There’s another thing that popped into my head during all my fiction writing this past month. Perhaps we do our culture a disservice if we cling to the most obvious, the most written about and repeated traditions without fully understanding their role or meaning, all while ignoring the smaller traditions the ones that observers found less bizarre, less worthy of note. Perhaps it’s an insult to our ancestors as well if we believe that they couldn’t or wouldn’t change if they were alive today and had at their disposal all the information we have. Would a culture that survived primarily through fishing look at the current devastation of our oceans and decide that fishing at the level at which we practice it today is unsustainable, even immoral? These things sneak up on us, because we live them in real time. The oceans were polluted and species endangered when I was a child. I’m shocked by the prediction that the oceans will soon be empty of fish. But many people my age are able to shrug it off because they’ve never seen a healthy ocean. But I wonder at the shock a pre-colonial Native American from the Northern Pacific coast would feel if suddenly transported to our time. The difference would so incredible, so hard to believe.
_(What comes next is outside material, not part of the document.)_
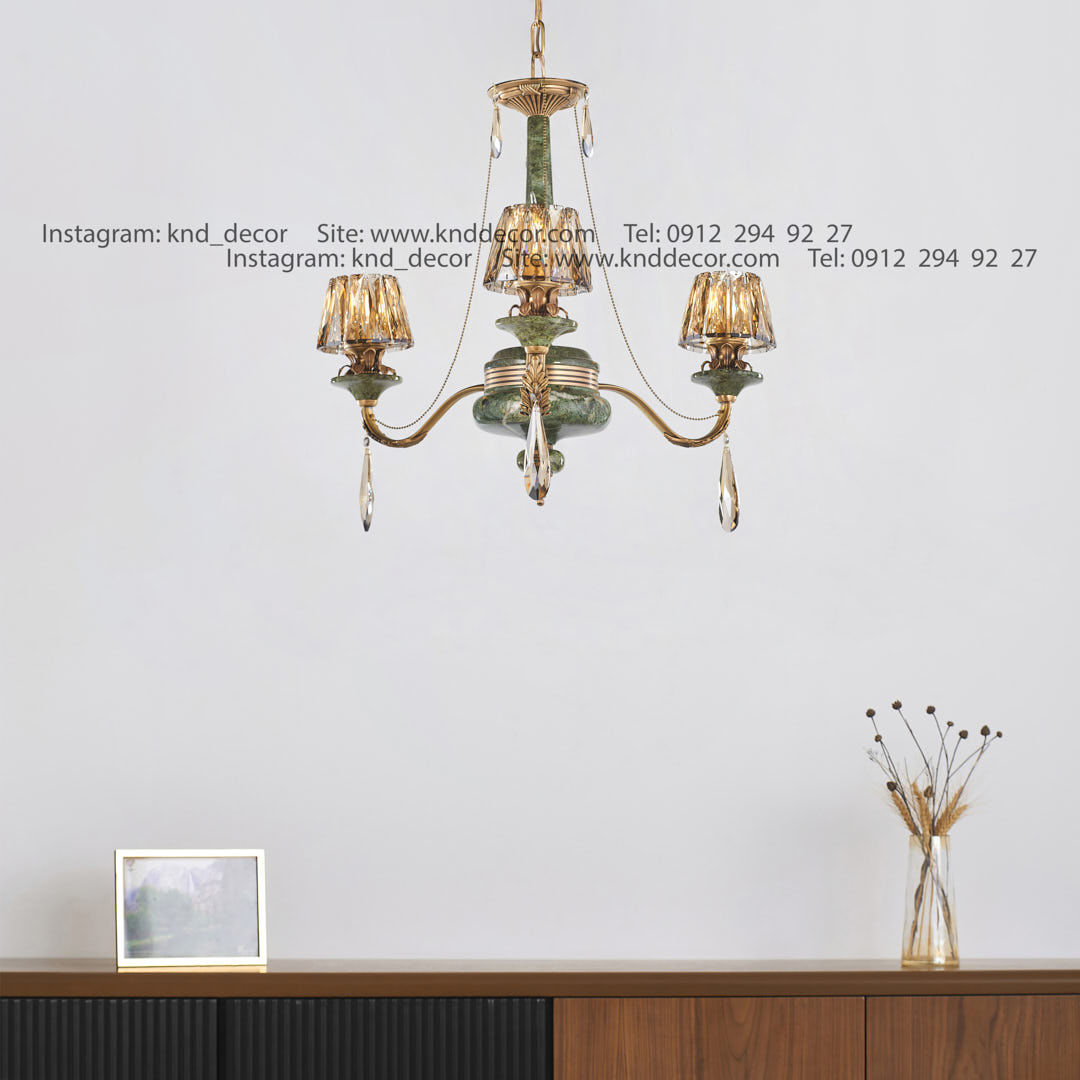 لوستر رویال آنتیک سنگ سبز زنبق آفتاب کلاهک کریستال آویز بادامی 3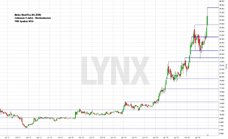 Die Aktie der WashTec AG hat sich in den vergangenen Jahren sehr gut entwickelt. Vom Tief Ende 2012 im Bereich 6,50 Euro ging es kürzlich hinauf auf knapp über 38,00 Euro. Gerade ab Anfang 2015 nahm die Aufwärtsbewegung etwas Schwung auf und bei gleichzeitig ansteigender Volatilität konnten starke Gewinne eingefahren werden. Charttechnisch ist die Aufwärtsbewegung bis dato sehr sauber. Auch für die kommenden Wochen sollte die Aufwärtsseite weiterhin die Oberhand behalten, da der Aufwärtstrend mit steigenden Hochs und steigenden Tiefs sauber intakt ist. Weitere neue Hochs sind daher nicht auszuschließen. Erst ein Unterschreiten der Unterstützung bei 30,50 Euro wäre das erste Anzeichen einer eventuellen größeren Korrektur und Käufe sollten in diesem Fall etwas zurückgenommen werden. Ein nachhaltiges Unterschreiten der Marke von 25,00 Euro wäre ein charttechnischer Bruch des Aufwärtstrends und eine neue Analyse wäre von Vorteil.

Those of us who come from a mixing of cultures and heritages know that to blindly follow tradition can perpetuate evil, because we contain within ourselves the killer and the victim, the oppressor and the oppressed. We know that the slippery slope to doing harm is short and that even the most ordinary among us can slide. We know that somewhere in our ancestry is the rapist, and we know that others of our ancestors clung together with fierce love against all odds even to defy death. We know that our families contain those who denied their own and pretended to be what they were not. We know that we come from thieves and from healers and some among them were both. We know that we have to choose to do the right thing every day, because we have the capability to go either way.
Because of this I never feel that choosing to be more compassionate is ever a betrayal of our traditions. Instead it reasserts a strong tradition of trying to be better, trying to be kinder, even if entire generations in our past took a detour away from that goal.